Три недели спустя, 25 января, он вновь возвращается к этой теме:
«Допустим, что […] король, ввиду повторных требований Национального собрания, объявит войну; кто вам тогда может поручиться, что ваше нападение, без уважительного основания, не вызовет раздражение у народов, к которым вы придете с войною, как бы философичны ни были мотивы вашего поведения? Кто вам поручится, что иностранные правительства и ваши внутренние враги не ждут этого предлога, как единственно могущего оправдать задуманное ими нападение на вашу свободу в форме внешней войны, в сочетании с гражданской смутой?
А если народы, если солдаты европейских государств окажутся не такими философскими, не такими зрелыми для революции, подобной той, которую вам самим так трудно довести до конца? Если они вздумают, что их первой заботой должно быть отражение непредвиденного нападения, не разбирая, на какой ступени демократии находятся пришедшие к ним генералы и солдаты? Если богатые и влиятельные люди, которые в некоторых странах могли бы поднять знамя восстания против правительства по причинам, восходящим ко времени до нашей революции, если б эти люди приостановили борьбу со своим правительством, чтобы защищать свою собственность и свою страну, и отложили бы, на время после войны, заботу о совершении революции, и не на французский лад, а такой, которая сообразна их замыслам и интересам?» [12, c. 188-189]
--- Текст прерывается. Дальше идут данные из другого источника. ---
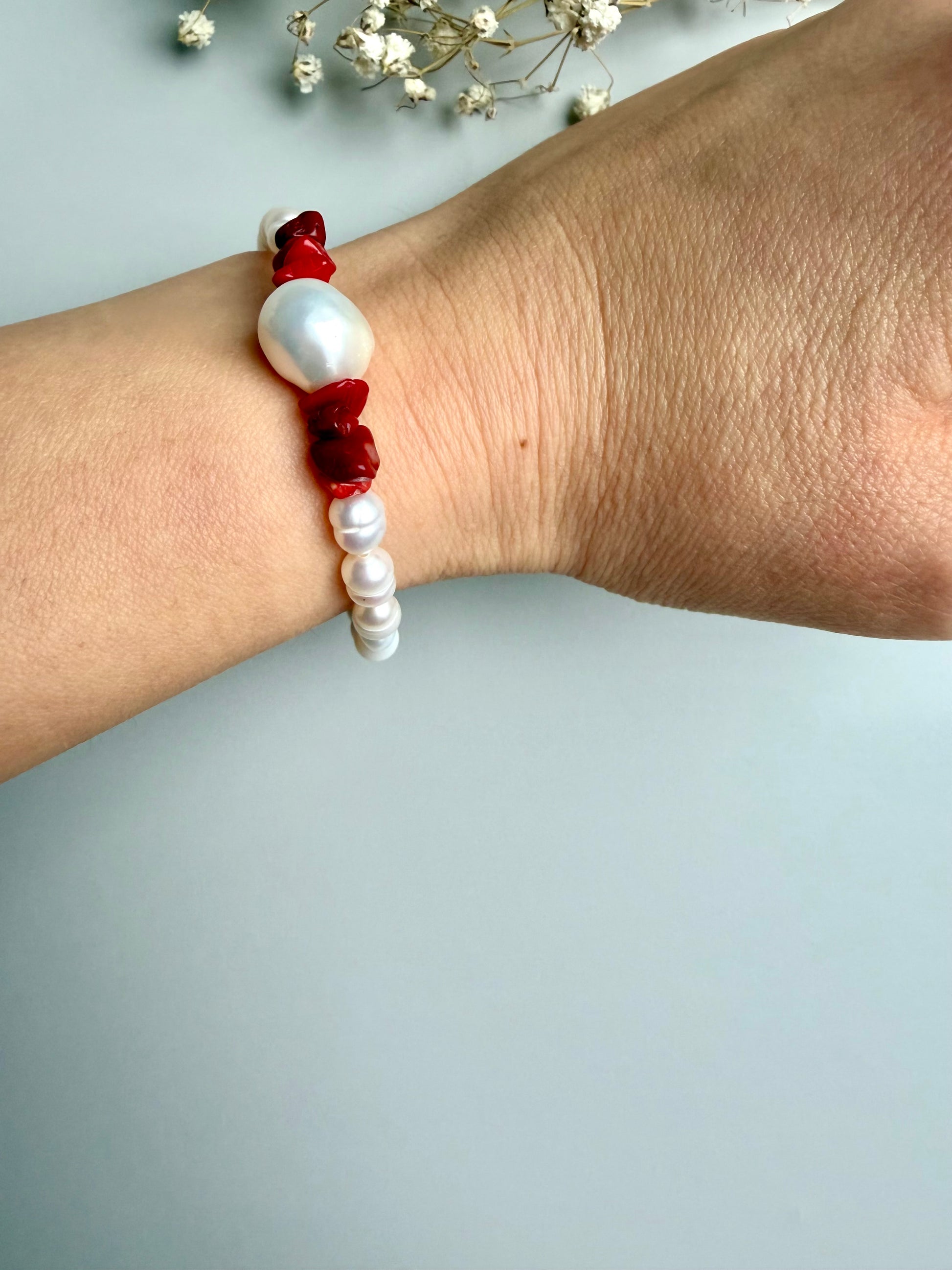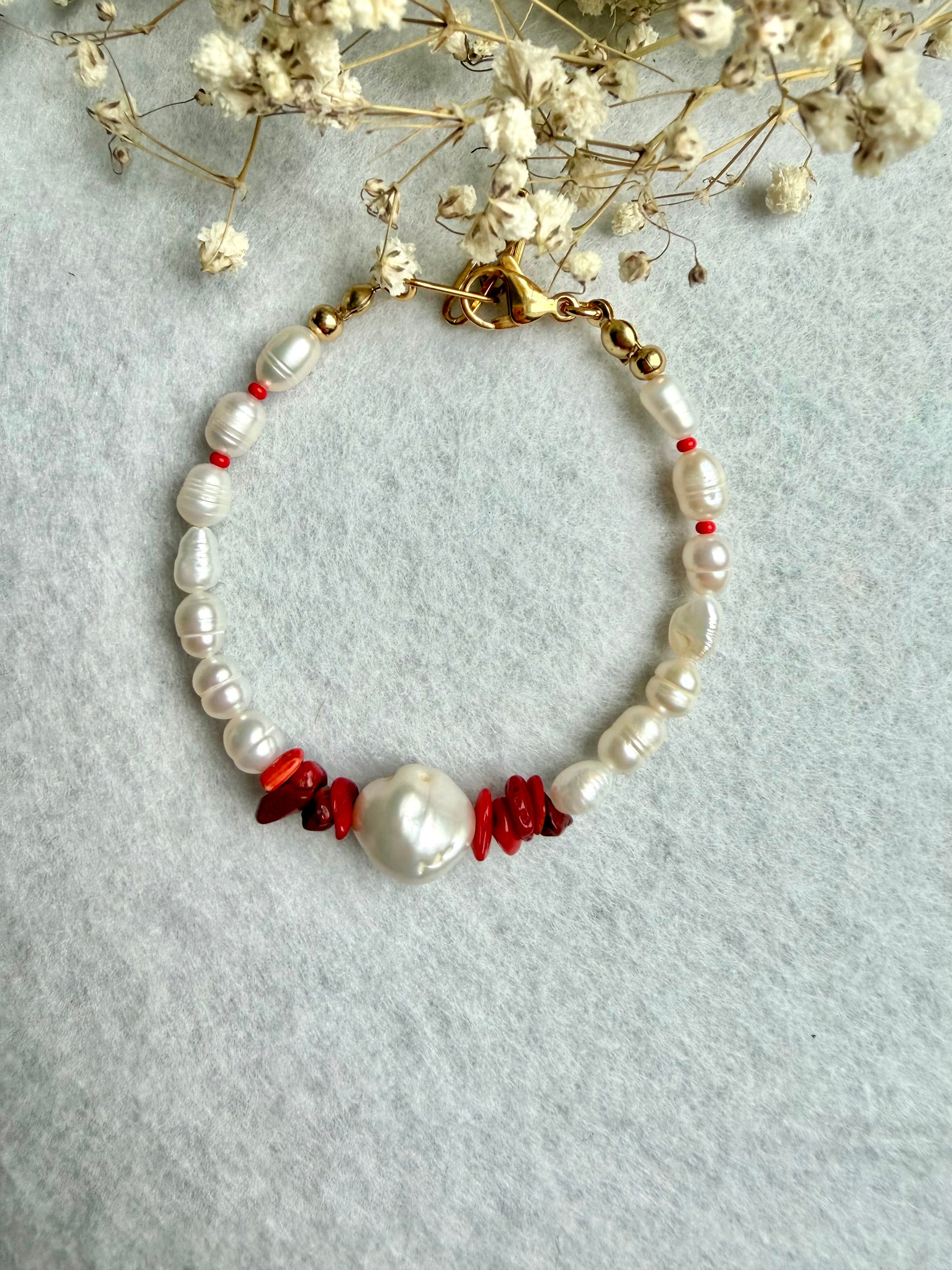 Coral Muse – Armband mit Süßwasserperlen, Barockperle & Korallen – handgefertigt

Сторонникам Бриссо, планировавшим провести в прирейнской Германии, «муниципализацию», которая должна при помощи французской армии освободить немцев от «гнета курфюрстов» [1, с. 130], Робеспьер не без иронии отвечает: «Нужды нет, сначала вы сами беретесь завоевать Германию; вы ведете нашу победоносную армию ко всем соседним народам; вы повсюду учреждаете муниципалитеты, директории, национальные собрания, и вы сами восклицаете, что эта мысль возвышенна, словно судьба государств определяется риторическими построениями. Наши генералы, руководимые вами, - только миссионеры Конституции; наш лагерь - только школа публичного права; союзники иностранных монархов, нисколько не препятствуя выполнению этого плана, мчатся к нам навстречу, но для того, чтобы слушаться нас. Досадно, что истина и здравый смысл опровергают эти великолепные пророчества» [23, p. 81; 5, c. 167-168]. - Нечто подобное тому, что предлагали бриссотинцы, будет реализовано позднее, главным образом уже тогда, когда республиканская армия к началу июля 1794 (середине мессидора II года) очистит от врагов территорию Франции, уже после Термидорианского переворота - тогда по всему периметру восточной границы Франции будет создана полоса т.н. «дочерних» республик. Но их век оказался недолог, после превращения Франции в Империю республиканские институты и здесь утратили свои функции, а при Реставрации и вовсе были упразднены. Кроме того, войны Революции повсюду вызвали воинственный и ожесточенный национализм, способствуя формированию на будущие времена враждебного Франции окружения.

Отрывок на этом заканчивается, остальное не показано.